Sample residuals versus fitted values plot showing increasing residuals

Sample residuals versus fitted values plot that does not show increasing residuals

Interpretation of the residuals versus fitted values plots

A residual distribution such as that in Figure 2.6 showing a trend to higher absolute residuals as the value of the response increases suggests that one should transform the response, perhaps by modeling its logarithm or square root, etc., (contractive transformations). Transforming a response in this fashion often simplifies its relationship with a predictor variable and leads to simpler models. Later sections discuss transformation in more detail. Figure 2.7 plots the residuals after a transformation on the response variable was used to reduce the scatter. Notice the difference in scales on the vertical axes.

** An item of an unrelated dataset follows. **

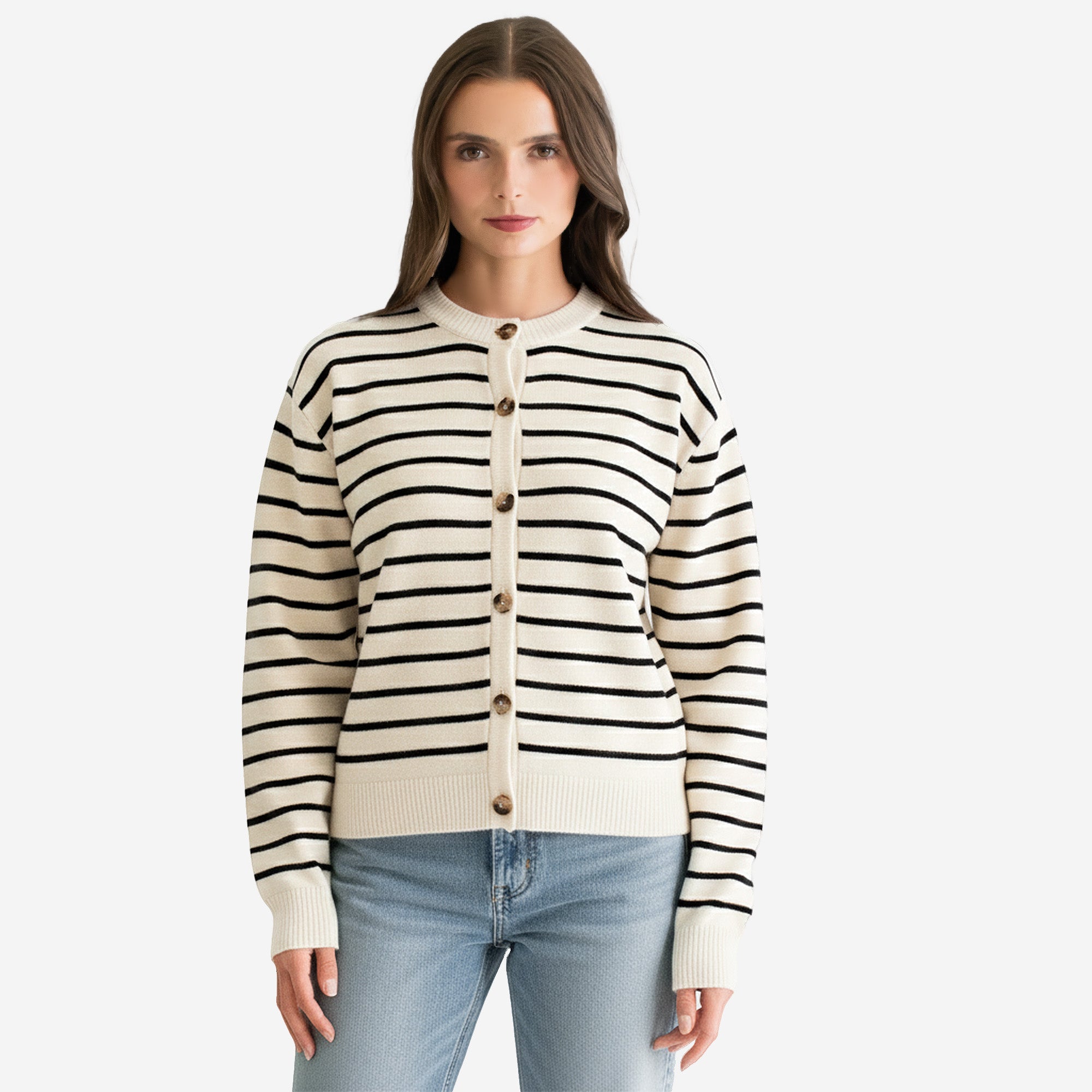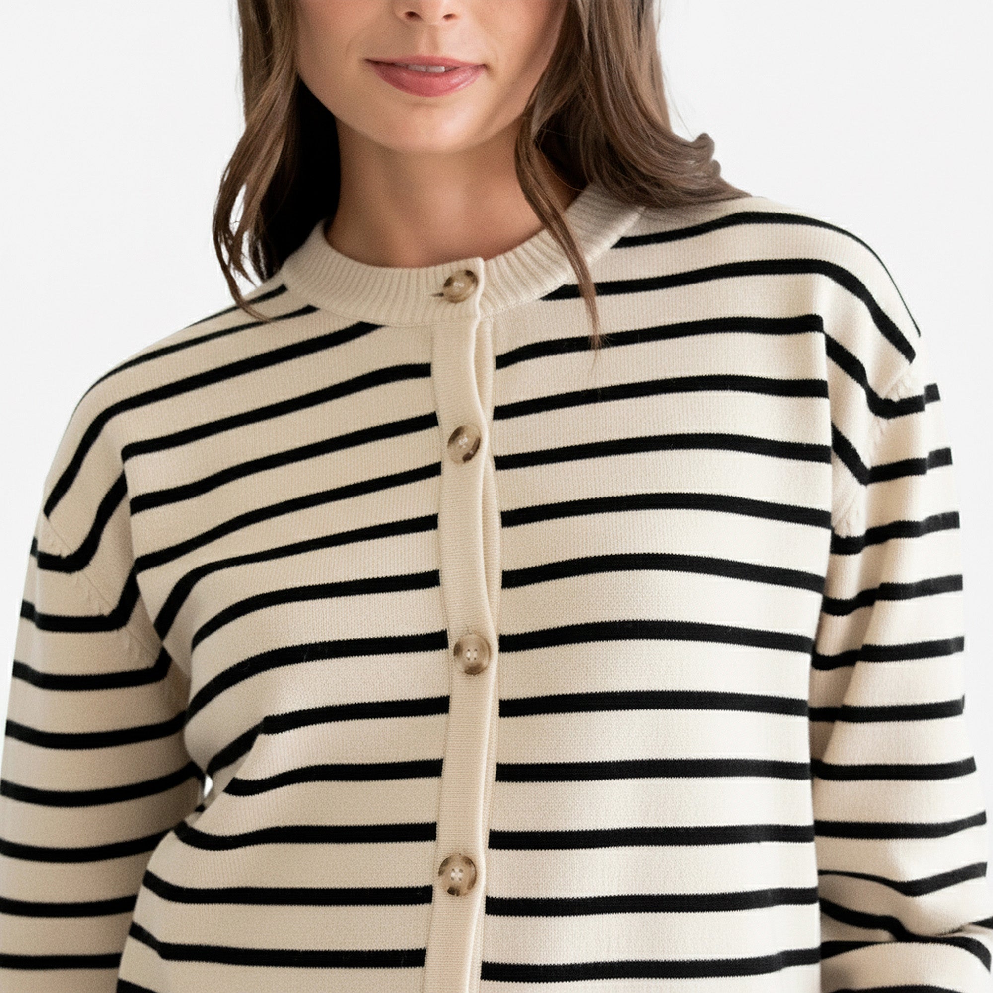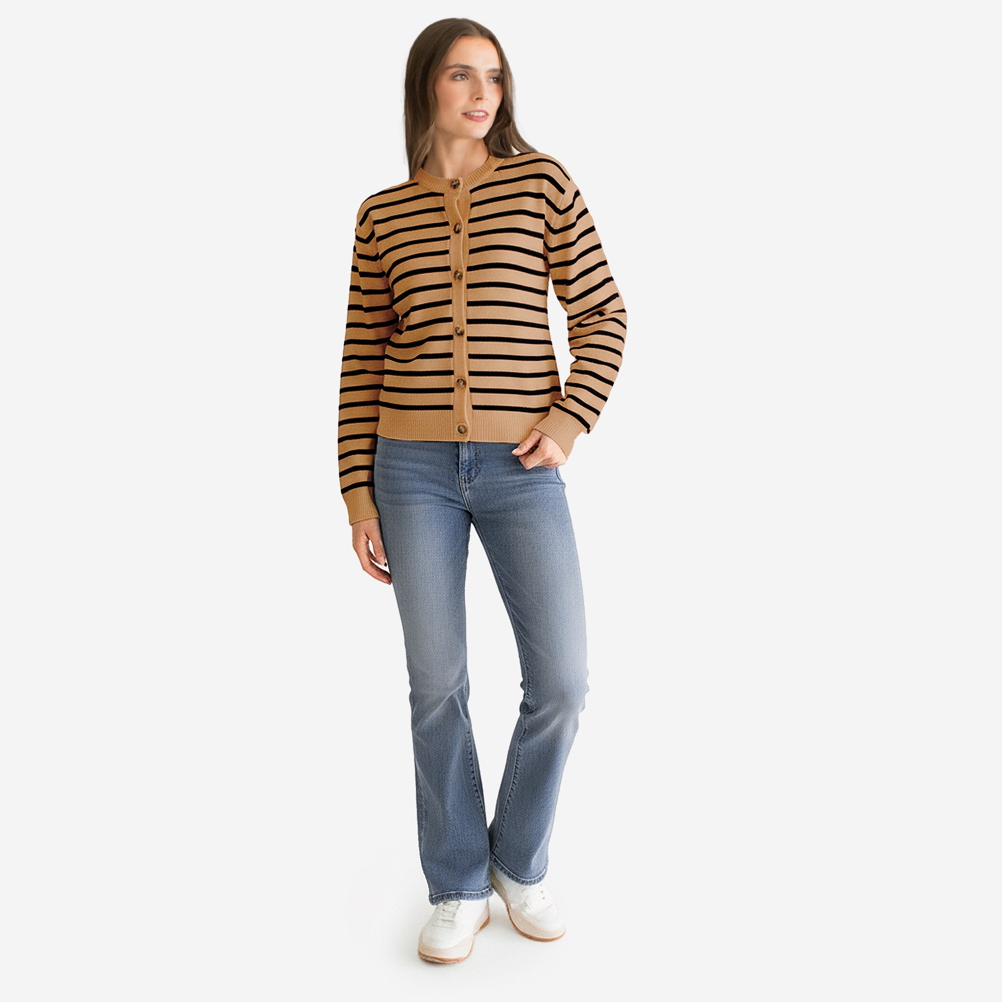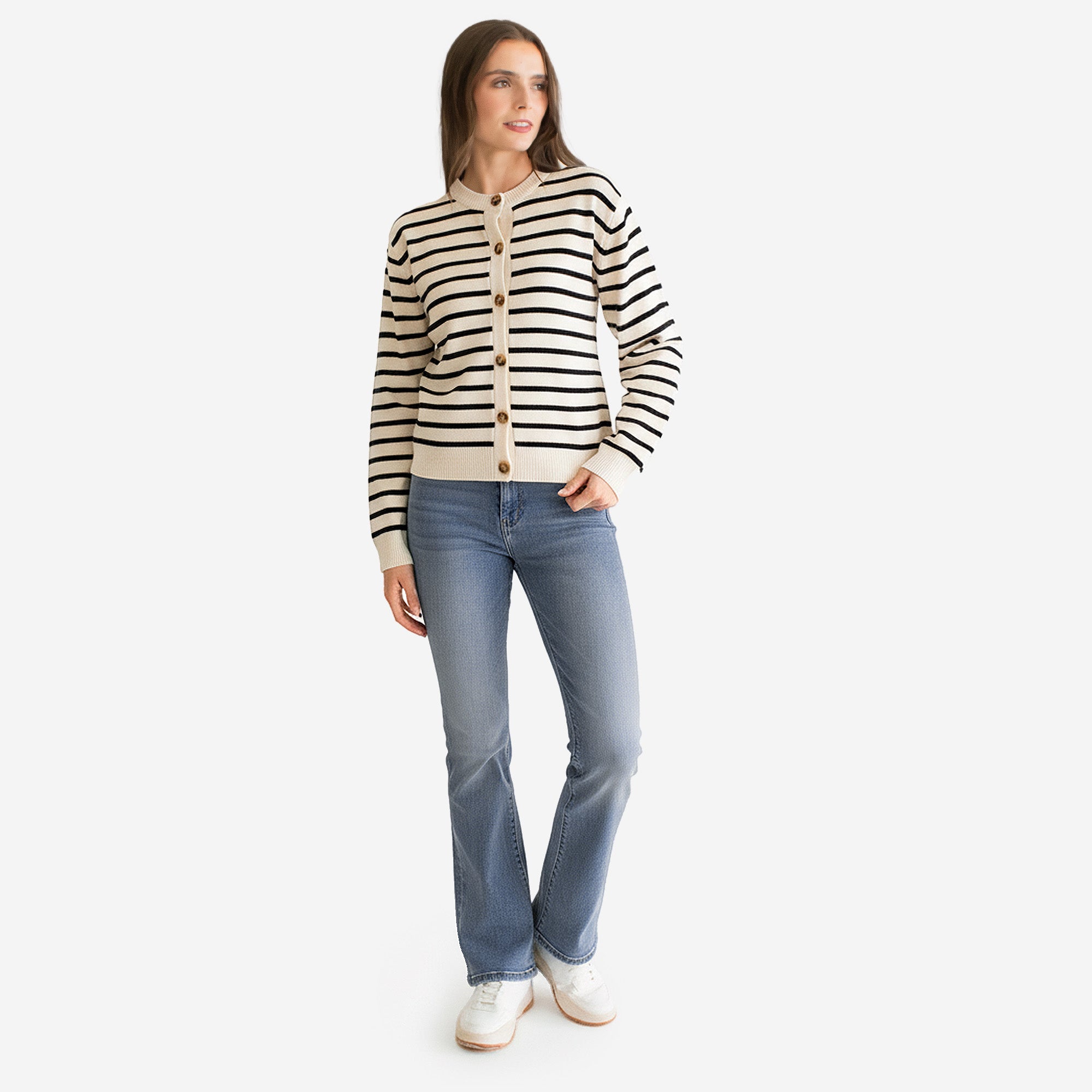 Suéter estampado a rayas para dama en comfy fit, diseñado con botones centrales que aportan un toque moderno y versátil. Una pieza ligera y actual, perfecta para elevar looks casuales.

Independence of Residuals from Factor Settings

Sample residuals versus factor setting plot

Sample residuals versus factor setting plot after adding a quadratic term

Sample residuals versus factor setting plot after adding
quadratic term

Interpreation of residuals versus factor setting plots

Figure 2.8 shows that the size of the residuals changed as a function of a predictor's settings. A graph like this suggests that the model needs a higher-order term in that predictor or that one should transform the predictor using a logarithm or square root, for example. Figure 2.9 shows the residuals for the same response after adding a quadratic term. Notice the single point widely separated from the other residuals in Figure 2.9. This point is an "outlier." That is, its position is well within the range of values used for this predictor in the investigation, but its result was somewhat lower than the model predicted. A signal that curvature is present is a trace resembling a "frown" or a "smile" in these graphs.

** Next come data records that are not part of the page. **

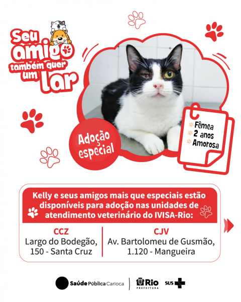 Além dos animais especiais, as unidades de atendimento veterinário do IVISA-Rio têm diversos cães e gatos à espera de um lar. O processo de adoção pode ser feito de segunda a sexta-feira, das 9h às 16h, no Centro de Medicina Veterinária Jorge Vaitsman (Avenida Bartolomeu de Gusmão, 1.120, Mangueira) ou no Hospital Veterinário do Centro de Controle de Zoonoses Paulo Dacorso Filho (Largo do Bodegão, 150, Santa Cruz).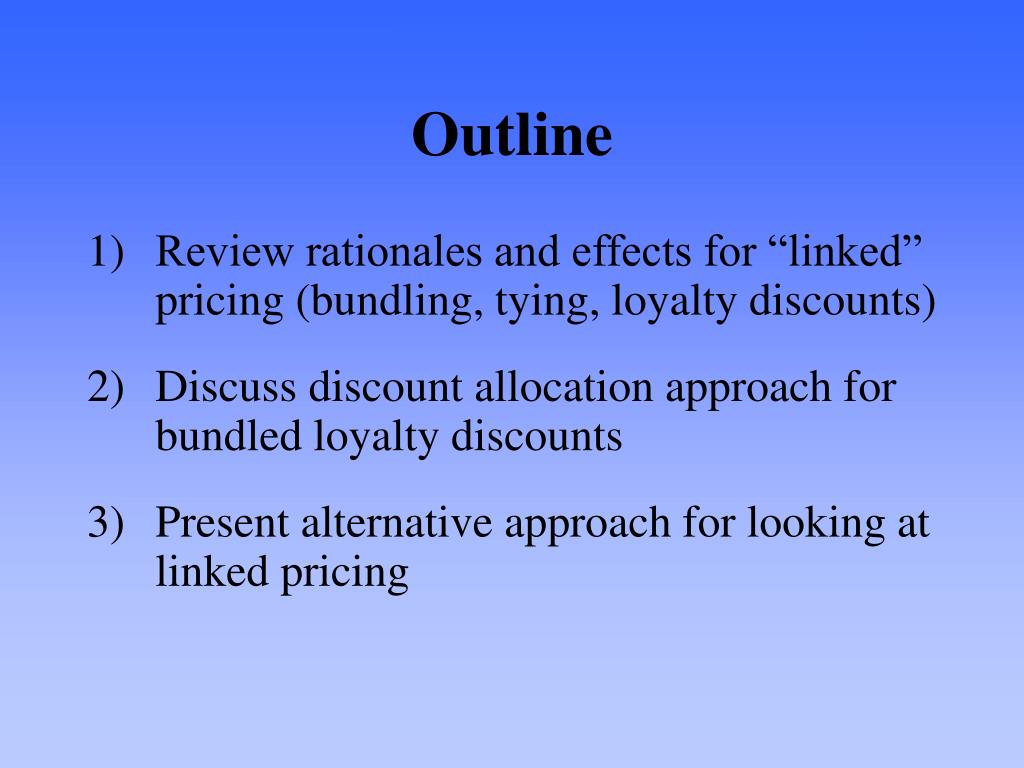 Outline • Review rationales and effects for “linked” pricing (bundling, tying, loyalty discounts) • Discuss discount allocation approach for bundled loyalty discounts • Present alternative approach for looking at linked pricing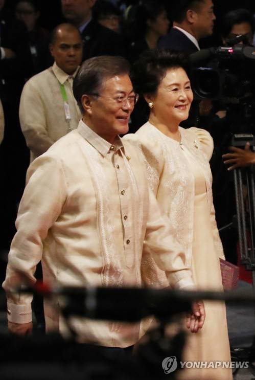(마닐라=연합뉴스) 김주형 기자 = 문재인 대통령과 부인 김정숙 여사가 12일 오후(현지시간) 필리핀 마닐라 몰오브아시아 SMX 컨벤션 센터에서 열린 '아세안(ASEAN 동남아시아국가연합) 50주년 기념 갈라만찬'에 필리핀 전통복장을 입고 입장하고 있다. 2017.11.12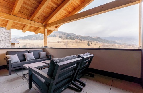This luxurious and spacious holiday home with sauna and hot tub is close to the ski slope of the Grebenzen ski area in Sankt Lambrecht. On the upper floor, near the living room and kitchen, there is a lovely covered balcony with fantastic unobstructed views. There is room for two cars under the carport, with extra storage space for skis or bicycles. The outdoor terrace is ideal for long summer evenings with unobstructed views of the setting sun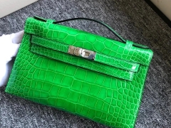 Hermès(爱马仕)Mini pochette 22cm Alligator shiny 亮面鳄鱼 1T仙人掌绿 银扣 顶级手缝 现货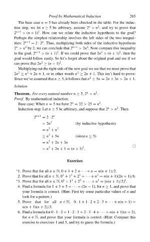 tion step, we let n ≥ 5 be arbitrary, assume 2 > n , and try to prove that

Sample residuals versus factor setting plot lacking one or more higher-order terms

Interpretation of plot

The example given in Figures 2.8 and 2.9 obviously involves five levels of the predictor. The experiment utilized a response surface design. For the simple factorial design that includes center points, if the response model being considered lacked one or more higher-order terms, the plot of residuals versus factor settings might appear as in Figure 2.10.

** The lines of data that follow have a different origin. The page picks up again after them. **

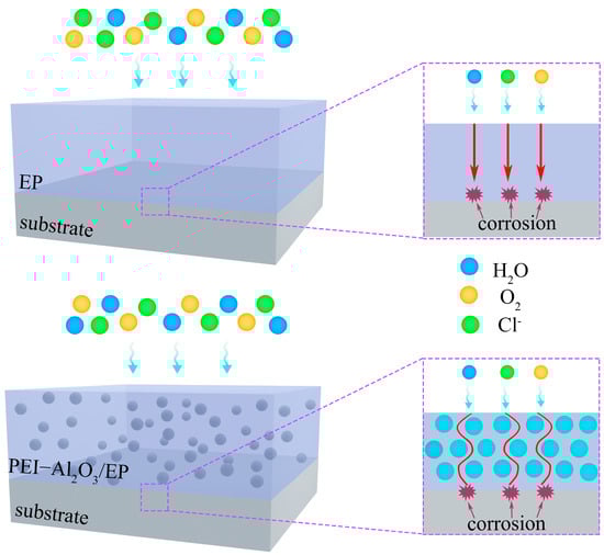 The anticorrosion mechanisms of the coatings are exhibited in Figure 11. The organic coating acts as an important protective layer that can protect the substrate from aggressive media. However, for the pure EP coating, there were a considerable amount of micropores within the coating, and corrosive media (H2O, O2, Cl−) could penetrate into the coating quickly through these micropores. For the Al2O3/EP coating and the PEI-Al2O3/EP coating, the nano-Al2O3 could fill the defects in the coating and create tortuous diffusion paths, thus reducing the diffusion rate of electrolytes. However, for the Al2O3/EP coating, the agglomeration of nano-Al2O3 restricted the enhancement of its anticorrosion properties. PEI-Al2O3 with good dispersion could maximize the diffusion paths of the aggressive media within the coating. Therefore, the PEI-Al2O3/EP coating has the better anticorrosion properties.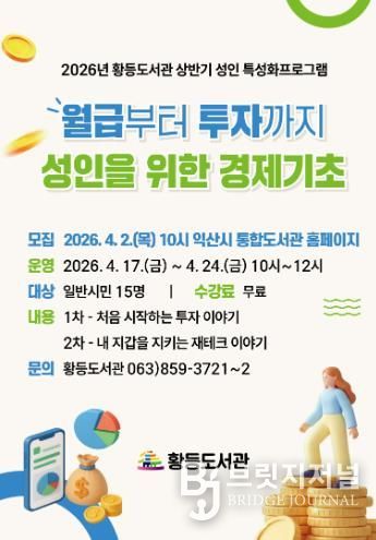 익산시 황등도서관은 오는 4월 17일과 24일, '월급부터 투자까지: 성인을 위한 경제 기초'라는 주제로 특성화 프로그램을 운영한다.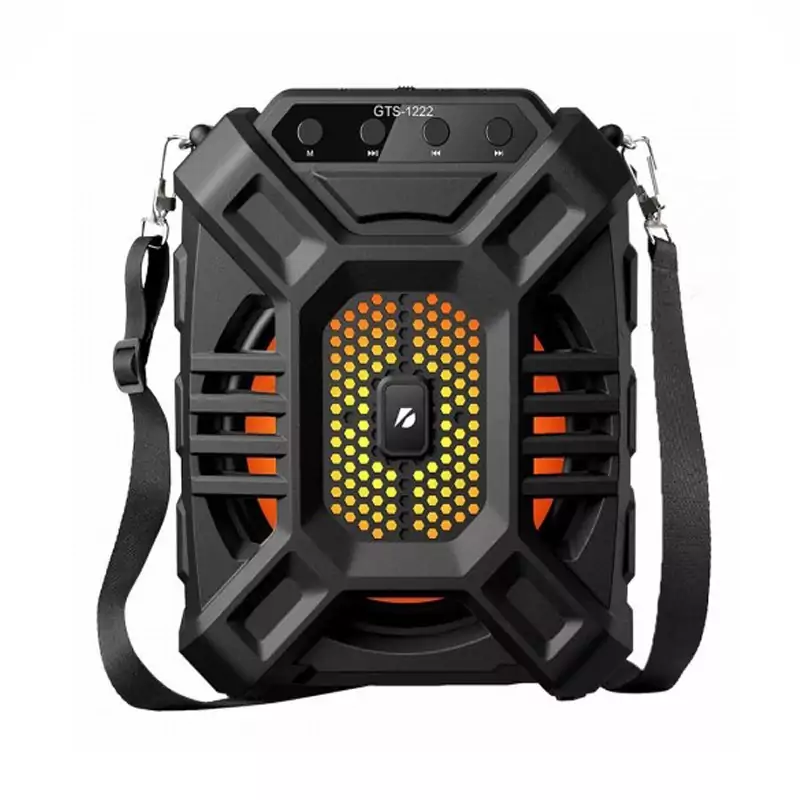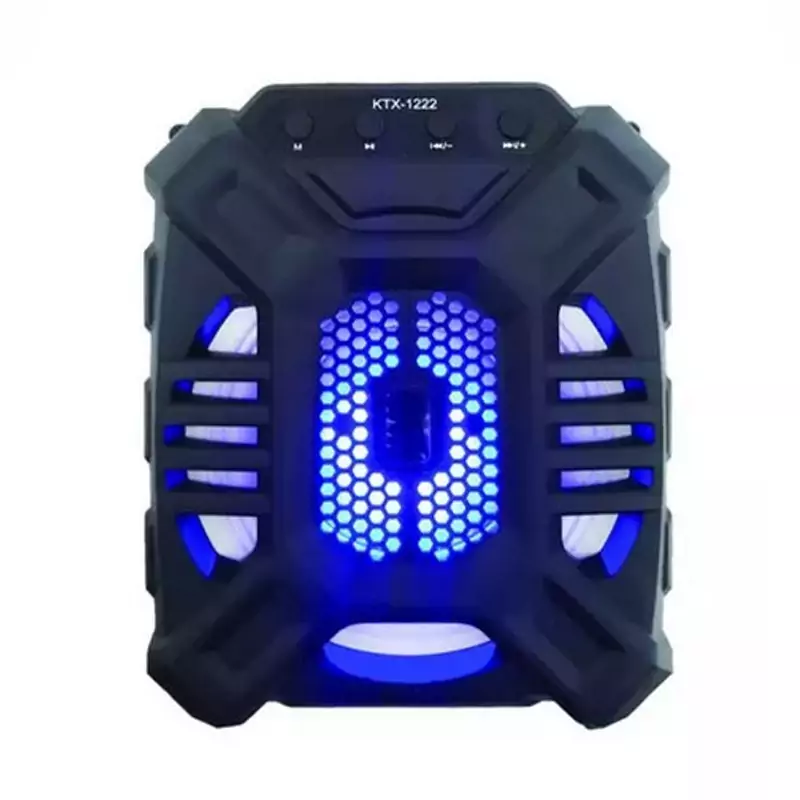 اسپیکر بلوتوثی قابلحمل مدل KTX-1222 محصولی است که با توجه به ساختار، صدای خروجی و البته قیمت، نمیتوان به راحتی از کنار آن گذشت. اسپیکری که سعی دارد تا با توجه به رده اقتصادی خود، لبخند رضایت را روی لب خریداران بنشاند. در بخش ظاهری اسپیکر بلوتوثی قابلحمل مدل KTX-1222 شاهد یک طراحی عام پسند هستیم به این معنی که قطعاً کاربران خاص نگاهی متفاوت به محصولات دارند. پشت بدنه اسپیکر هم حفرهای قرار گرفته تا دستگیرهای باشد برای حمل آسان تر بدون بند. در مجموع طراحی این اسپیکر قابل قبول است اما با توجه به سطح بودجهای که برای آن در نظر گرفته شده است، نباید در بخش متریال استفاده شده انتظار زیادی از آن داشت. در جعبه این اسپیکر بجز، خود محصول شاهد میکروفن، کابل شارژ و بند حمل هستیم.

Graph indicates prescence of curvature

While the graph gives a definite signal that curvature is present, identifying the source of that curvature is not possible due to the structure of the design. Graphs generated using the other predictors in that situation would have very similar appearances.

Additional discussion of residual analysis

Note: Residuals are an important subject discussed repeatedly in this Handbook. For example, graphical residual plots are discussed in Chapter 1 and the general examination of residuals as a part of model building is discussed in Chapter 4.